Glimmers about his Gandhi’s life, his association with people and with his large and growing family, biological and ideological, slip through his public actions, speeches, letters, and other writings. “As do personal observations about his inner struggles, his relationships with people — both famous and not famous. With the same frankness as marks his autobiography, he shares in speeches, recorded conversations, articles, and in letters to the family and close friends, of the years ‘covered’ in his autobiography and beyond.”

“Those scattered narrations of his fill in and fill out the before-life, the real-time life, and of his autobiography’s story. Alongside ‘Experiments’, these cameos of his childhood, adolescence, student life, his mature years, show us the son, brother, husband, father, grandfather, mentor, friend in the man who was being hailed as a Mahatma. Starting from his early days, these go right up to what probably is the very last sentence — I hate being late’– spoken by him (in Gujarati) seconds before his assassin-to-be, Beretta in hand, stands facing him,” Gopalkrishna Gandhi writes.

This compilation, says the writer, “may be said to carry one distinguishing mark: it brings into focus Gandhi’s descriptions of his life in its familial aspect. His life in the epic domain of actions for public causes has been and will continue to be written about. His life as lived within the fold of domesticities has had fewer tellings. And that cannot ring truer than in his own and his intimates’ words”.

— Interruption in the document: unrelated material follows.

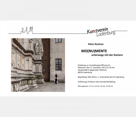 Am Mittwoch, den 21.Dezember 2022, um 18 Uhr wurde die Ausstellung „Mo(nu)mente - unterwegs mit der Kamera“ unseres Mitglieds des Fotografen Hans Assmus eröffnet.

Apart from selected borrowings from ‘Experiments’, mainly from the Gujarati original, and Gandhi’s own words occurring elsewhere, the narrations of five of his contemporaries – Prabhudas Chhaganlal Gandhi (1901-1992), Gandhi’s grand-nephew, who ran from Sabarmati Ashram a journal Madhpudo (Honeycomb) during Gandhi’s lifetime; Joseph J. Doke (1861-1913) his first biographer; Millie Polak (1881-1962), author of “Mr Gandhi, The Man”, described as a remarkable work of first-hand observation; and the writings of his secretaries, Mahadev Desai (1892-1942) and Pyarelal (1899-1982) – have been incorporated in the book. Notes at the end direct the reader to the specific works and pages where these words appear.

“Restless As Mercury” is truly a treasure-trove of knowledge for the present and future generations and is a valuable contribution to the never-ending studies on the life and times of Mahatma Gandhi.